Start of Extracted data
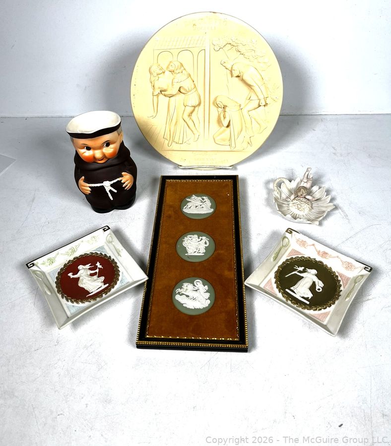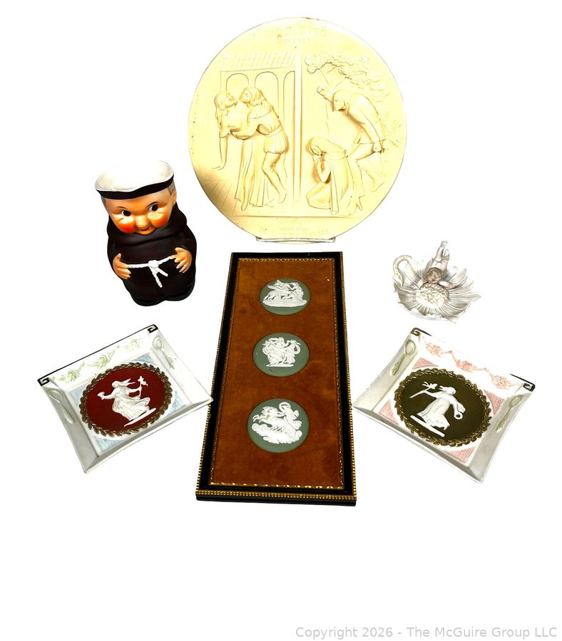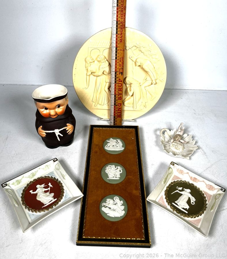Lot #0240MB: Decorative Collectibles Including Wedgwood Plaque and Goebel Friar Tuck Creamer
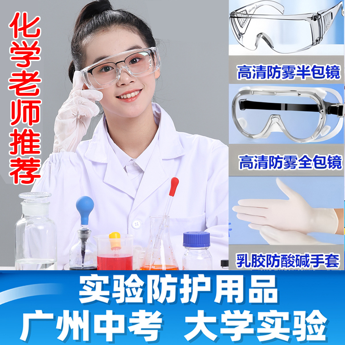 広州中学入学試験化学実験室用防護服、綿製、伸縮性あり、純粋、大学実験室用、全身保護、目保護付き、恵州
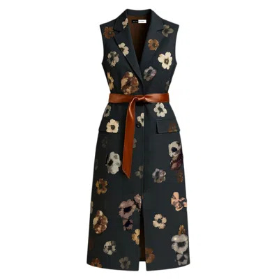 Women's Blue / Pink / White Luxury Navy Floral Coat Dress With Belt - Well Tailored Elegance
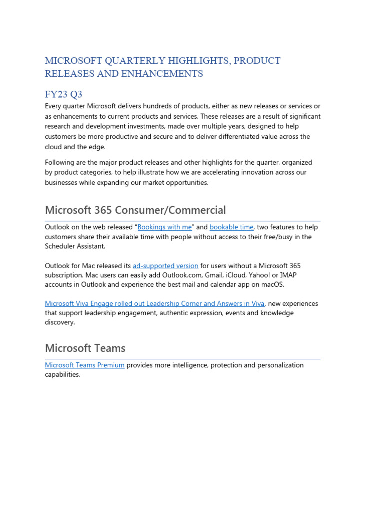 MICROSOFT QUARTERLY HIGHLIGHTS, PRODUCT
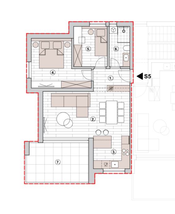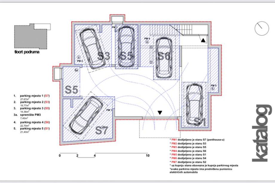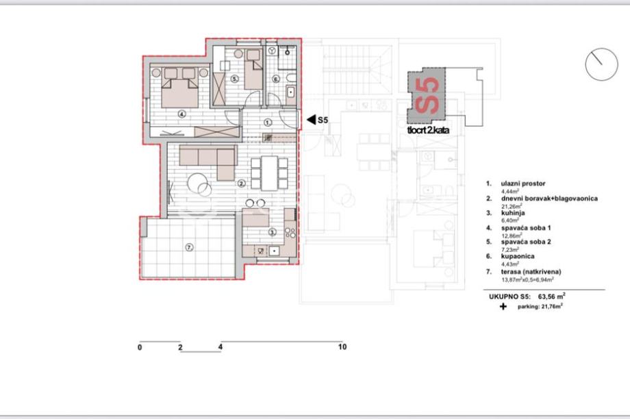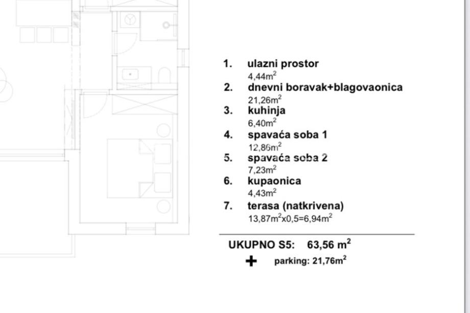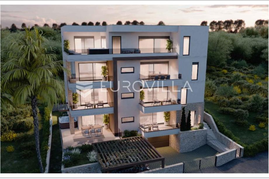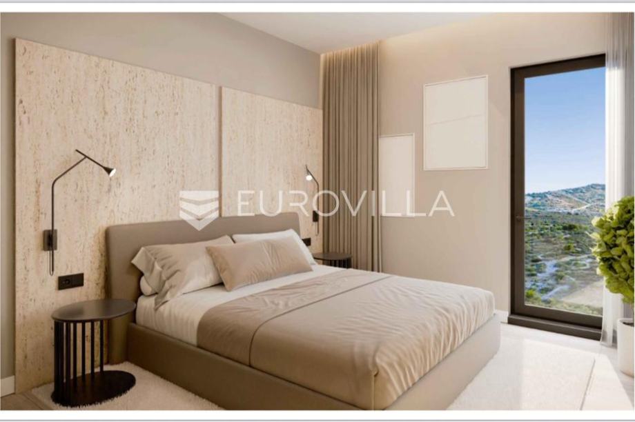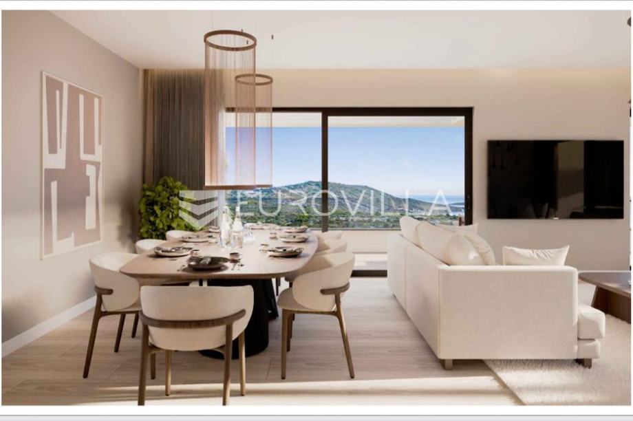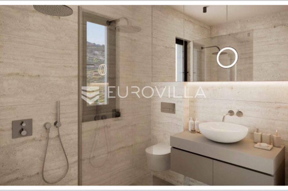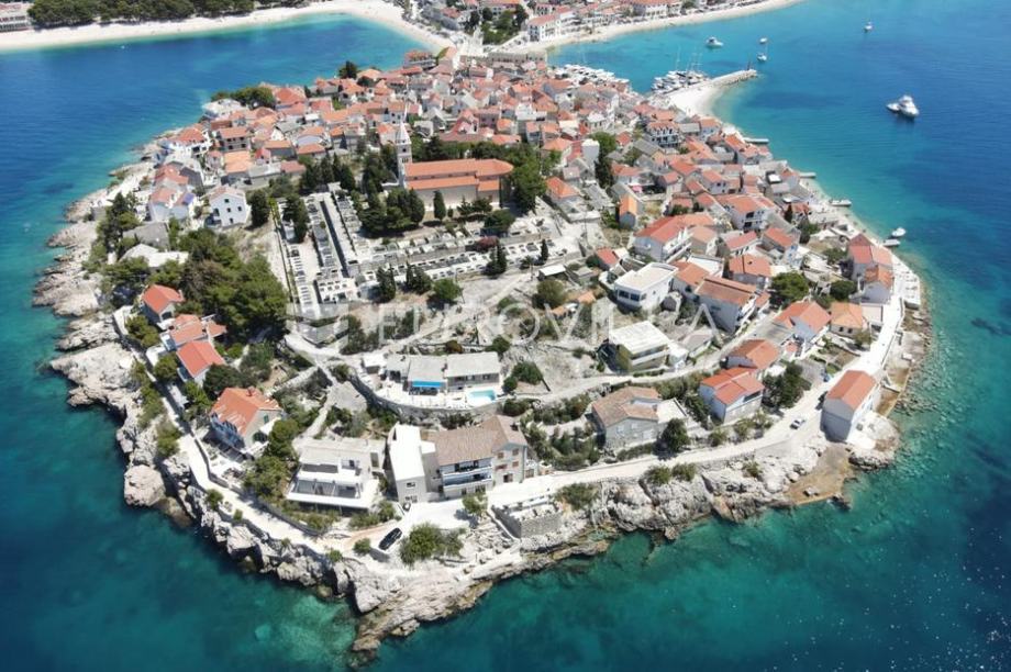 U Primoštenu na povišenoj poziciji, gradi se stambeni objekt južne orijentacije na pješačkoj udaljenosti od plaže od 1400 m. Objekt se sastoji od ukupno 7 luksuznih stambenih jedinica. Zahvaljujući izoliranoj i povišenoj poziciji, lokacija objekta pruža izuzetan mir i predivan pogled.Stan S5 na drugom katu jugozapadne orijentacije, ukupne neto korisne površine 74,44 m2 sastoji se od ulaznog prostora, prostranog dnevnog prostora (dnevni boravak, kuhinja i blagovaonica), dvije spavaće sobe površine 7 m2 odnosno 13 m2, kupaonice i terase površine 14 m2. Površina zatvorenog prostora stana iznosi 56,6 m2.Stanu još dodatno pripada parking mjesto površine 21,7 m2.U izgradnji objekta se koriste vrhunski materijali i primjenjuju visoki standardi gradnje. Objekt se gradi armiranobetonskom konstrukcijom, s fasadom od kamene vune debljine 10 cm. Vanjska aluminijska stolarija opremljena je troslojnim staklom, električnim roletama i komarnicima na sobnim prozorima.Stanovi imaju protuprovalna vrata, klima uređaj u svakoj prostoriji, podno grijanje, dok su podne obloge keramika i parket vrhunske kvalitete, dostupne u više varijanti prema izboru kupca.Parkirna mjesta osigurana su u garaži i na otvorenom i svako parking mjesto će imati punionicu za struju.Objekt je trenutačno u izgradnji, u tijeku su konstrukcijski radovi. Predviđeni završetak konstrukcijskih radova je početkom 2026 godine a očekivano useljenje je krajem 2026 godine pa se kupcu pruža mogućnost da po individualnim dizajnerskim rješenjima i u dogovoru s investitorom osmisli detalje u završnom uređenju unutrašnjosti pojedinog stana.Način plaćanja: 30 % prilikom potpisa predugovora / 30 % nakon završetka konstrukcijskih radova / 30% nakon završetka objekta / 10 % nakon ishođenja uporabne dozvole.Malo o mjestu: Primošten je predivan mali gradić smješten na obali jadranskog mora između Šibenika I Trogira s razlogom proglašen najboljom turističkom destinacijom 2024 godine. Prvi spomen mjesta Primošten potječe od 1564 godine. Poznat po svojoj izuzetnoj ljepoti i šarmu, posjetitelje širom svijeta privlači slikovitim krajolikom i bogatom poviješću.Jedno od najpoznatijih obilježja Primoštena je njegova starogradska jezgra uz koju se proteže poluotok.Geografski položaj Primoštena i prirodne osobine njegovog obalnog pojasa nose značajne vrijednosti. Uvale Velika i Mala Raduča, a naročito uvala Primošten (luka) ističu se izvanrednim prirodnim ljepotama.Dodatne informacije - udaljenosti od važnijih lokacija:Plaža: 1400 m / Primošten centar: 1500 m / Trogir: 30 km / zračna luka: 35 kmKupovina: 400 m / restoran: 1500 m / ljekarna: 400 m / banka: 1500 m / škola: 500 mZa sva dodatna pitanja stojim na raspolaganju....
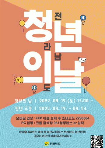 Âü¿©¸¦ ¹Ù¶ó´Â û³âÀº ÀÎÅÍ³Ý ÁÖ¼Òâ¿¡ ¡®061ûÁ¤¹ö½º.kr¡¯À» ÀÔ·ÂÇϰųª È«º¸ Æ÷½ºÅÍ ÇÏ´Ü¿¡ ÀÖ´Â Á¤º¸¹«´Ì(QR)Äڵ带 ÀÌ¿ëÇØ ¡®Àü¶ó³²µµ û³â¼¾ÅÍ ¸ÞŸ¹ö½º¡¯¿¡ Á¢¼ÓÇÏ¸é µÈ´Ù.
End of Extracted data
» Problem to solve: Could you give the listing again exactly, minus its pictures?

» Solution to the problem:
Lot #0240MB: Decorative Collectibles Including Wedgwood Plaque and Goebel Friar Tuck Creamer
 広州中学入学試験化学実験室用防護服、綿製、伸縮性あり、純粋、大学実験室用、全身保護、目保護付き、恵州
 Women's Blue / Pink / White Luxury Navy Floral Coat Dress With Belt - Well Tailored Elegance
 MICROSOFT QUARTERLY HIGHLIGHTS, PRODUCT
 U Primoštenu na povišenoj poziciji, gradi se stambeni objekt južne orijentacije na pješačkoj udaljenosti od plaže od 1400 m. Objekt se sastoji od ukupno 7 luksuznih stambenih jedinica. Zahvaljujući izoliranoj i povišenoj poziciji, lokacija objekta pruža izuzetan mir i predivan pogled.Stan S5 na drugom katu jugozapadne orijentacije, ukupne neto korisne površine 74,44 m2 sastoji se od ulaznog prostora, prostranog dnevnog prostora (dnevni boravak, kuhinja i blagovaonica), dvije spavaće sobe površine 7 m2 odnosno 13 m2, kupaonice i terase površine 14 m2. Površina zatvorenog prostora stana iznosi 56,6 m2.Stanu još dodatno pripada parking mjesto površine 21,7 m2.U izgradnji objekta se koriste vrhunski materijali i primjenjuju visoki standardi gradnje. Objekt se gradi armiranobetonskom konstrukcijom, s fasadom od kamene vune debljine 10 cm. Vanjska aluminijska stolarija opremljena je troslojnim staklom, električnim roletama i komarnicima na sobnim prozorima.Stanovi imaju protuprovalna vrata, klima uređaj u svakoj prostoriji, podno grijanje, dok su podne obloge keramika i parket vrhunske kvalitete, dostupne u više varijanti prema izboru kupca.Parkirna mjesta osigurana su u garaži i na otvorenom i svako parking mjesto će imati punionicu za struju.Objekt je trenutačno u izgradnji, u tijeku su konstrukcijski radovi. Predviđeni završetak konstrukcijskih radova je početkom 2026 godine a očekivano useljenje je krajem 2026 godine pa se kupcu pruža mogućnost da po individualnim dizajnerskim rješenjima i u dogovoru s investitorom osmisli detalje u završnom uređenju unutrašnjosti pojedinog stana.Način plaćanja: 30 % prilikom potpisa predugovora / 30 % nakon završetka konstrukcijskih radova / 30% nakon završetka objekta / 10 % nakon ishođenja uporabne dozvole.Malo o mjestu: Primošten je predivan mali gradić smješten na obali jadranskog mora između Šibenika I Trogira s razlogom proglašen najboljom turističkom destinacijom 2024 godine. Prvi spomen mjesta Primošten potječe od 1564 godine. Poznat po svojoj izuzetnoj ljepoti i šarmu, posjetitelje širom svijeta privlači slikovitim krajolikom i bogatom poviješću.Jedno od najpoznatijih obilježja Primoštena je njegova starogradska jezgra uz koju se proteže poluotok.Geografski položaj Primoštena i prirodne osobine njegovog obalnog pojasa nose značajne vrijednosti. Uvale Velika i Mala Raduča, a naročito uvala Primošten (luka) ističu se izvanrednim prirodnim ljepotama.Dodatne informacije - udaljenosti od važnijih lokacija:Plaža: 1400 m / Primošten centar: 1500 m / Trogir: 30 km / zračna luka: 35 kmKupovina: 400 m / restoran: 1500 m / ljekarna: 400 m / banka: 1500 m / škola: 500 mZa sva dodatna pitanja stojim na raspolaganju....
 Âü¿©¸¦ ¹Ù¶ó´Â û³âÀº ÀÎÅÍ³Ý ÁÖ¼Òâ¿¡ ¡®061ûÁ¤¹ö½º.kr¡¯À» ÀÔ·ÂÇϰųª È«º¸ Æ÷½ºÅÍ ÇÏ´Ü¿¡ ÀÖ´Â Á¤º¸¹«´Ì(QR)Äڵ带 ÀÌ¿ëÇØ ¡®Àü¶ó³²µµ û³â¼¾ÅÍ ¸ÞŸ¹ö½º¡¯¿¡ Á¢¼ÓÇÏ¸é µÈ´Ù.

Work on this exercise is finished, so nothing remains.